Die Arbeitskraft ist keine Ware, mit der beliebig gehandelt werden könnte. Sie bleibt stets untrennbar mit ihrem Träger verbunden, bleibt Verausgabung wertvoller menschlicher Kraft und muss deswegen nachhaltig geschützt werden. Löhne und Gehälter sind Kosten für den Arbeitgeber, für die Arbeitnehmer aber sind sie als das zum Leben notwendige Einkommen das Äquivalent zu ihrem Wertschöpfungsbeitrag, den sie durch den Einsatz ihres Arbeitsvermögens erbringen.

4.1.2.2 Konflikte in der Arbeitswelt

Dass die Arbeitswelt durch vielfältige unterschiedliche, strukturelle und divergierende Interessenlagen geprägt ist, trägt zur progressiven Dynamik wie zur Entstehung von Konflikten bei. Die Betonung einer Gemeinschaftlichkeit der Arbeit darf diese nicht romantisierend überdecken. Den Sozialpartnern kommt die Aufgabe der Lösung dieser Konflikte und die Übersetzung in stabile Verhältnisse auf betrieblicher Ebene im Interesse aller zu. Gewerkschaften bündeln die Verantwortung der Arbeitnehmer in diesen Prozessen und sind deswegen von großer Bedeutung für das Gemeinwohl.

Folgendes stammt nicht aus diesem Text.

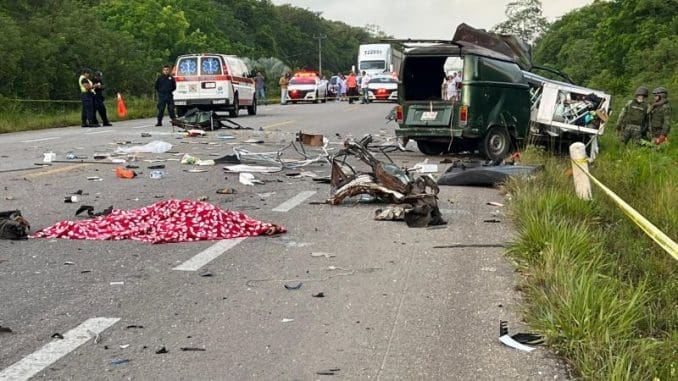Bacalar, Q. Roo, a 24 de junio de 2023.- Esta mañana, una camioneta del tren maya y una combi particular se estrellaron de frente esta mañana en la carretera federal 307, cerca de Buenavista, causando la muerte de dos hombres. Una mujer y un bebé resultaron lesionadas.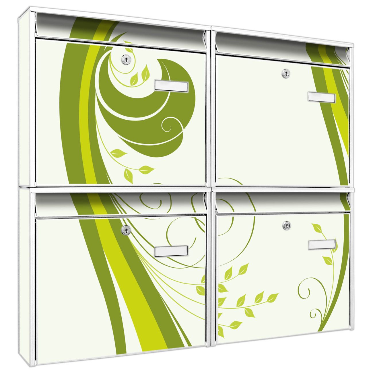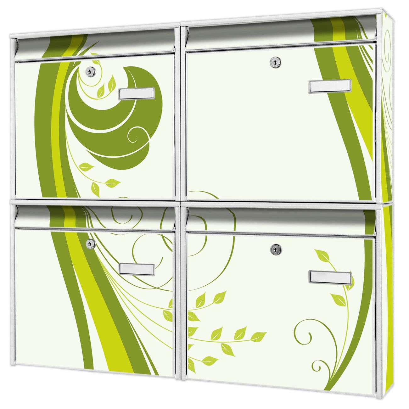 FUNKTION: Die Burg-Wächter Briefkastenanlage mit Motiv Green Swirl bietet Ihnen ausreichend Fassungsvermögen um auch A4 und C4 Sendungen zu empfangen. Das integrierte Namensschild lässt sich individuell beschriften. Wählen Sie aus den Grundfarben weiß, silber und schwarz. DESIGN: Die 4 Briefkästen haben ein ansprechendes und zeitloses Design, ohne dabei auf Funktionalität zu verzichten. Das Material ist sehr stabil, wetterfest und rostfrei. Durch das Motiv Green Swirl werden die Postkästen zu einem Blickfang. DETAILS: Die Postkästen bestehen aus verzinktem Stahl der zusätzlich mit Klarlack versiegelt wurde. Die Kästen sind gesamt 64,5cm hoch, 72,5cm breit und 10cm tief. Das Motiv besteht aus einer wetter- und UV-festen Folie, die Ihren Briefkasten zusätzlich vor Kratzern schützt. Die Postkästen werden mit Montagematerial, je einem Namensschild und je zwei Schlüsseln geliefert. NUTZEN: Das Briefkastenset eignet sich für die Wandmontage, die Größe bietet genügend Platz für Sendungen aller Art. Das zeitlose Design sowie die stabile Bauart bieten Ihnen einen treuen Begleiter für Ihre Post. BANJADO: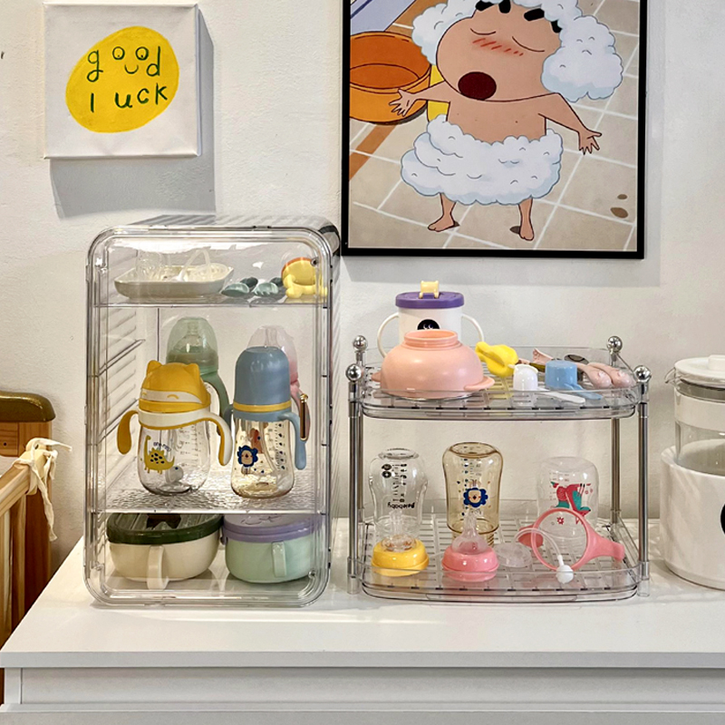 Transparent large number -3 layers of bottle containing box black tea brown large number -3 layers of bottle containing box transparent 3-layer storage cabinet double-shelf baby goods large household containing (3 layers of 4-layer composition) transparent large number -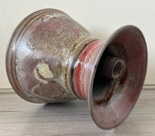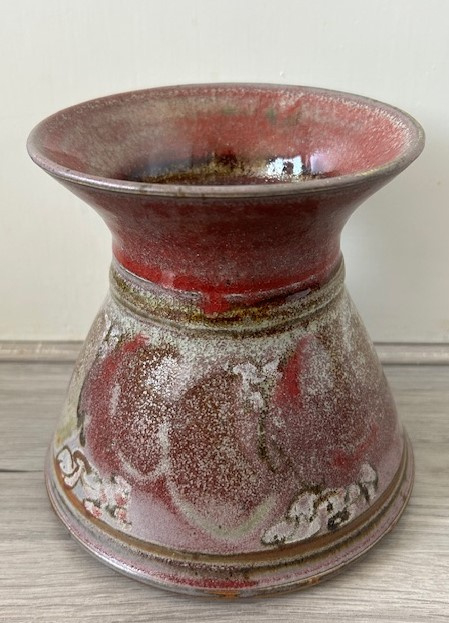 OverzichtMet de hand gedraaide steengoed vaas geglazuurd in rozerood en grijsgroen. De diabolo vormige vaas is aan de binnenkant afgewerkt met een kleine ring. Daardoor is de vaas ook te gebruiken voor een enkele bloem of tak.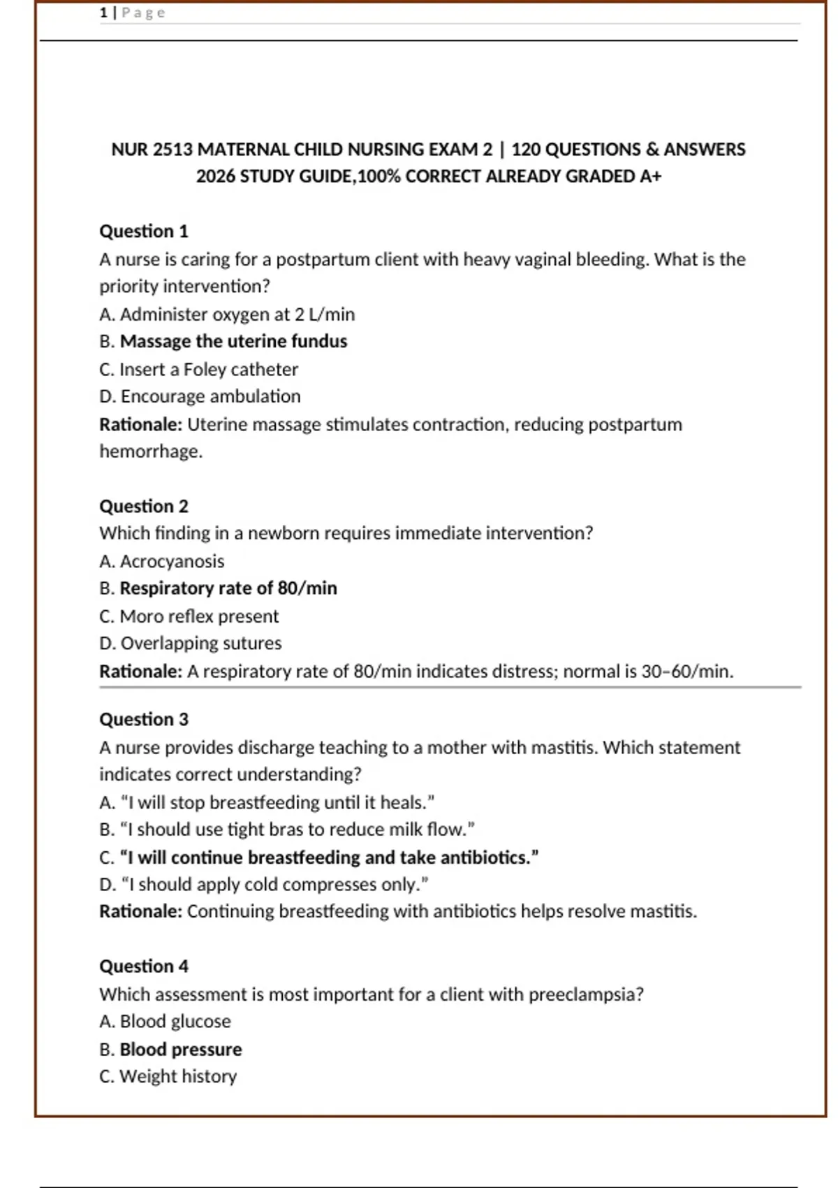 NUR 2513 MATERNAL CHILD NURSING EXAM 2 | 120 QUESTIONS & ANSWERS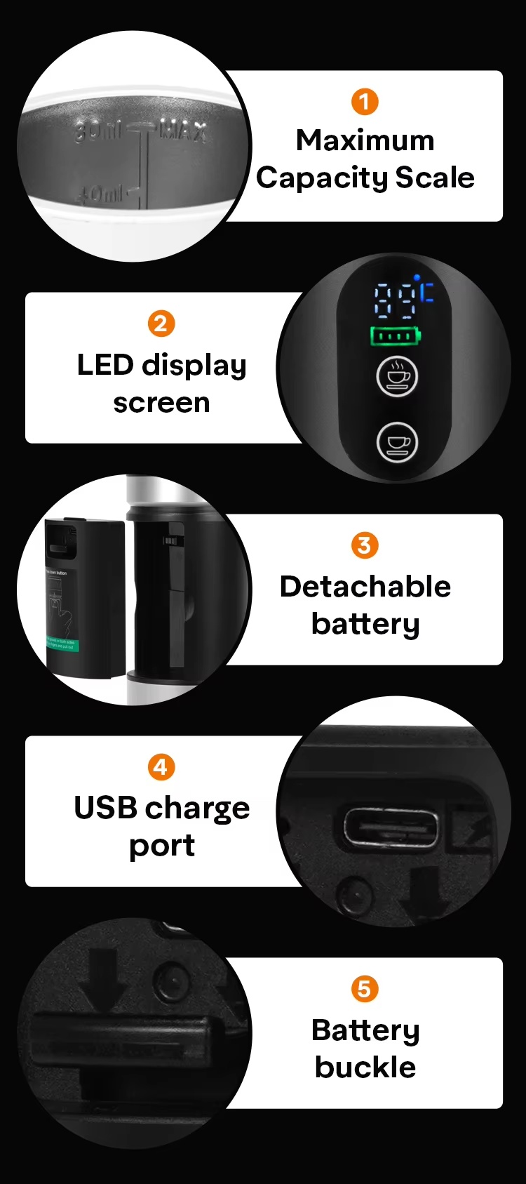 * Portable, Compact, USB-C Rechargeable and self-heating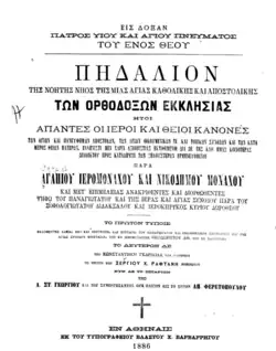 Le Pedalion est écrit par Nicodème l'Hagiorite et Agépius (saint orthodoxe). Il est publié pour la première fois en 1800. Il est ensuite adopté par le patriarche Néophyte VII de Constantinople et son Saint Synode en tant que recueil officiel de droit canonique[21]. Il s'agit actuellement de la collection de droit canonique la plus utilisée dans les Églises orthodoxes de culture grecque[4].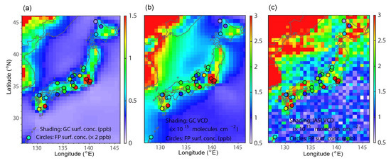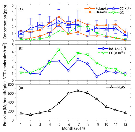 Figure 9a shows FP data for Fukuoka and Dazaifu for 2014 and a box-whisker plot of NH3 measurements at CC-KU (monthly data for January–July 2015, and August–December 2014 was used to show the seasonal cycle). Figure 9b,c show a comparison of IASI and GEOS-Chem NH3 VCDs over Fukuoka and REAS NH3 emissions used for GEOS-Chem simulations, respectively (the horizontal resolution of the REAS emission inventory was approximately 50 km; therefore, the three sites could not be distinguished). The FP NH3 levels were highest at Dazaifu (S27), which was slightly higher than CC-KU and was 2–3 times higher than Fukuoka (S26). This indicated that differences in local NH3 emissions surrounding the observation site can significantly affect the observed NH3 concentrations, although the three measurement sites were located in the same GEOS-Chem grid. Therefore, higher resolution simulations were necessary to reproduce the horizontal distributions of NH3 in urban areas.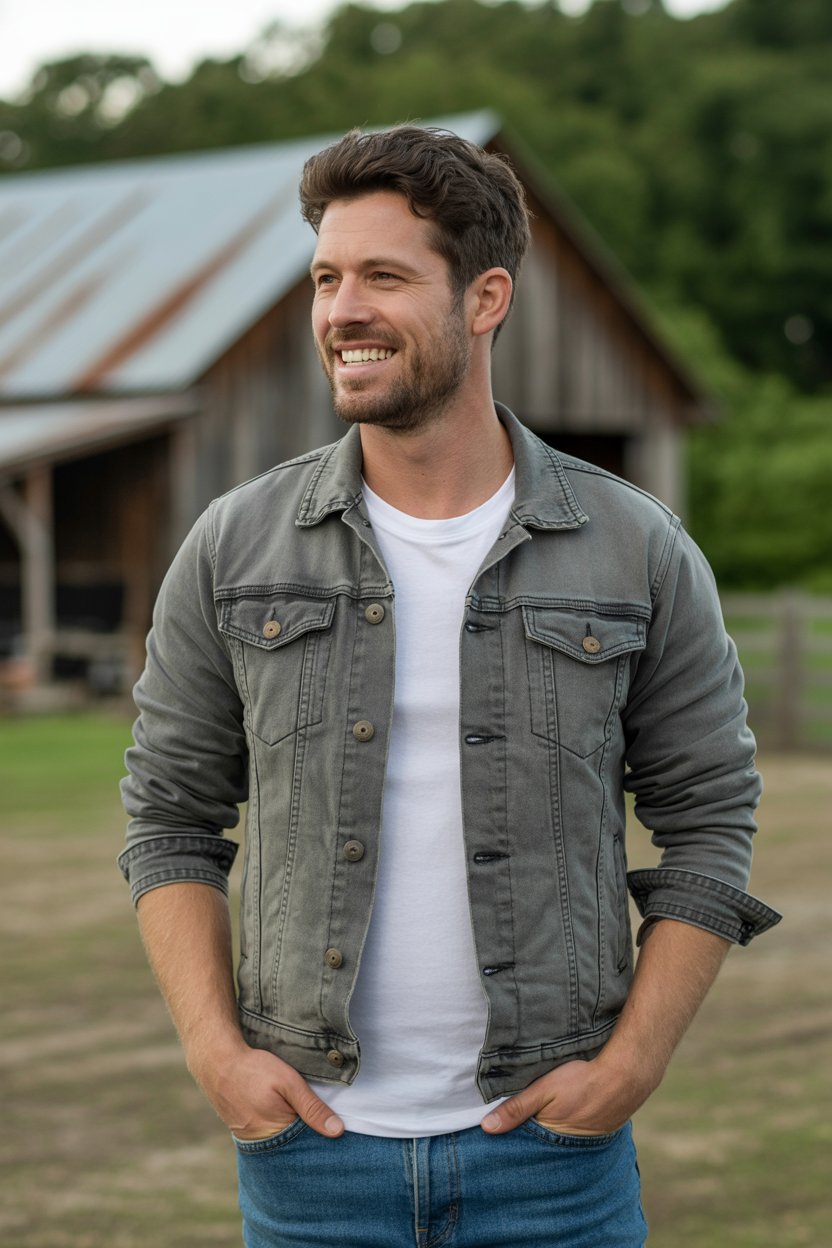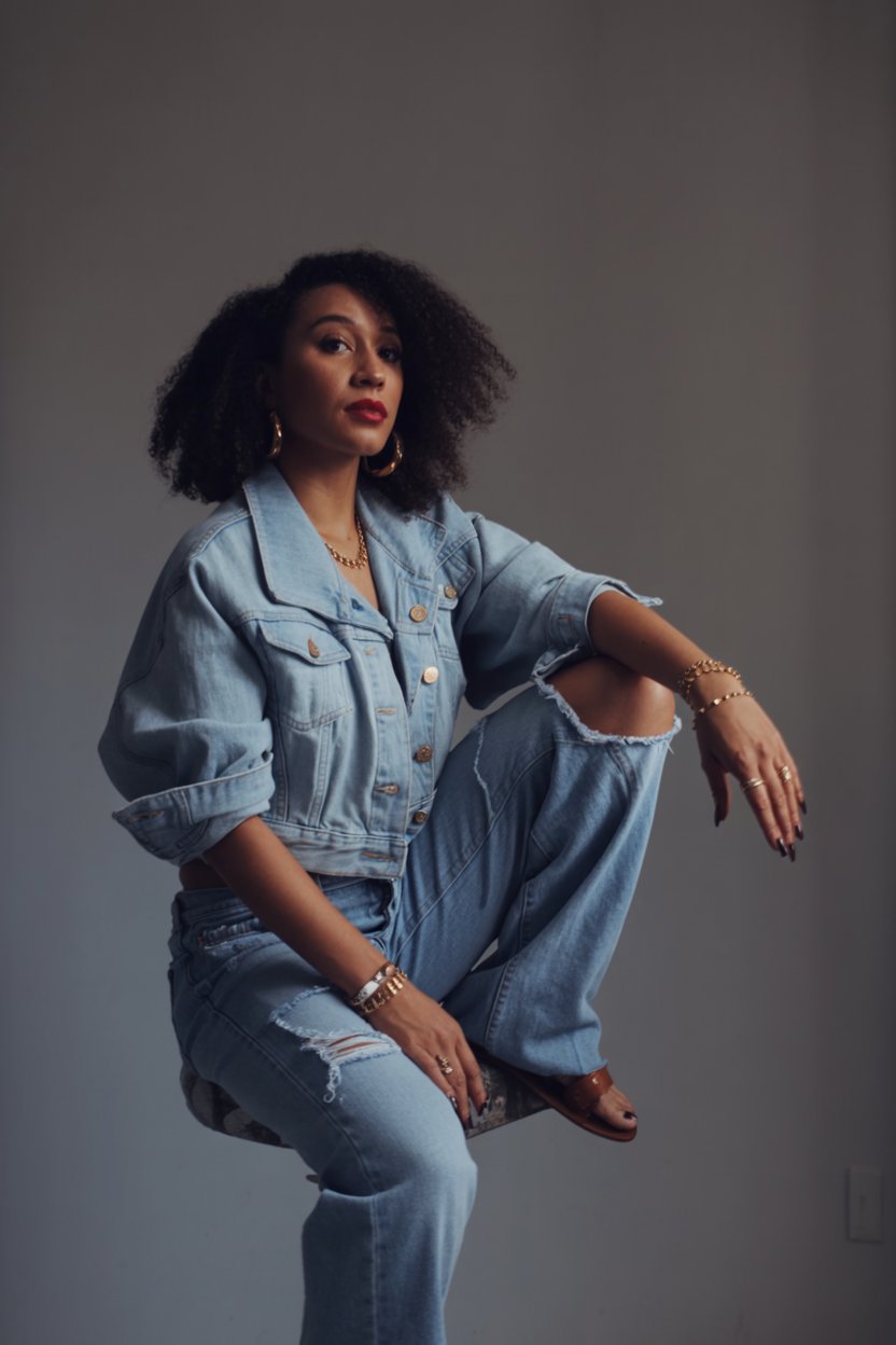 Studio portrait on neutral backdrop. A (skin color) (gender/subject) styled in double denim: light-w...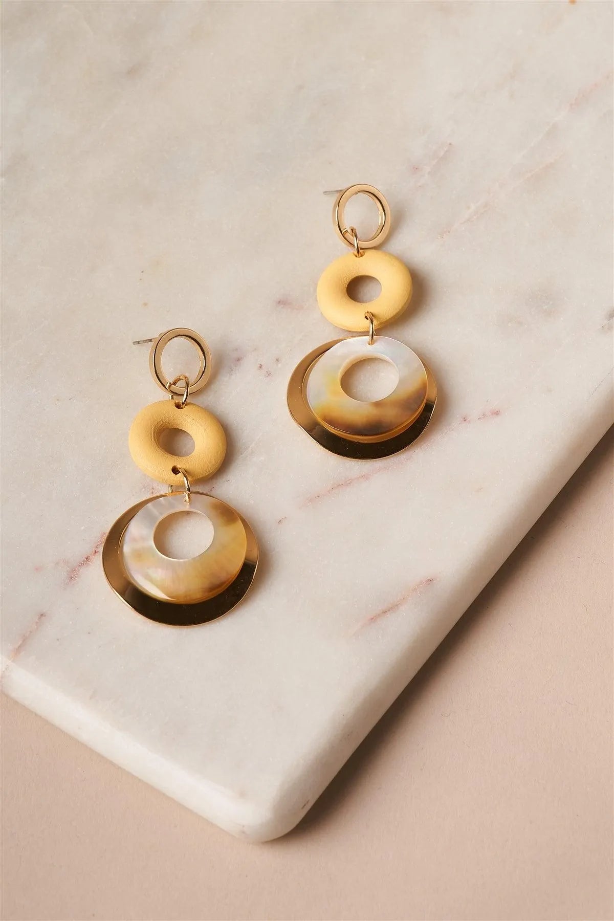 Yellow Ivory Circle Disc Tier Earrings /1 Pair

Viele Konflikte haben sich heute auf die internationale Ebene verschoben. Die Internationalisierung von Wertschöpfungsketten erfordert deswegen auch globale Verantwortungsübernahme und Engagements deutscher Unternehmen und Sozialpartner. In einem gemeinsamen Dialog mit zivilgesellschaftlichen, insbesondere kirchlichen Gruppen muss versucht werden, soziale und ökologische Mindeststandards in den Wertschöpfungsketten, deren Produkte in Deutschland konsumiert werden, durchzusetzen.

4.1.2.3 Zusammenfassung

Wie eine Gesellschaft künftig leben will, konkretisiert sich in nuce in der heutigen Gestaltung der Arbeitswelten, da hier bewusst, produktiv und zukunftsorientiert gehandelt wird. Wo dieses Handeln nicht erfolgreich ist, verschwinden Unternehmen vom Markt. Sind Arbeitswelten in Unternehmen, Branchen, Volkswirtschaften gut organisiert, können sich die menschlichen Kräfte trotz aller Belastungen in der Arbeit und aus der Arbeit immer wieder regenerieren. Im produktiven Miteinander werden tragfähige Ergebnisse erzielt. Das eigene Handeln erfährt Resonanz, neue Perspektiven müssen entstehen, Menschen und Organisationen entwickeln sich weiter. Gute Arbeit ist in diesem Sinne nachhaltig und bleibt darin bezogen auf Arbeits- und Lebensbereiche außerhalb der Erwerbsarbeit, ermöglicht auch Sorgearbeit in der Familie und zivilgesellschaftliches Engagement. So ist gute Arbeit integraler Bestandteil eines guten Lebens und wird mit Blick auf die solidarischen Aspekte von gewerkschaftlichem Engagement gestützt und gefördert.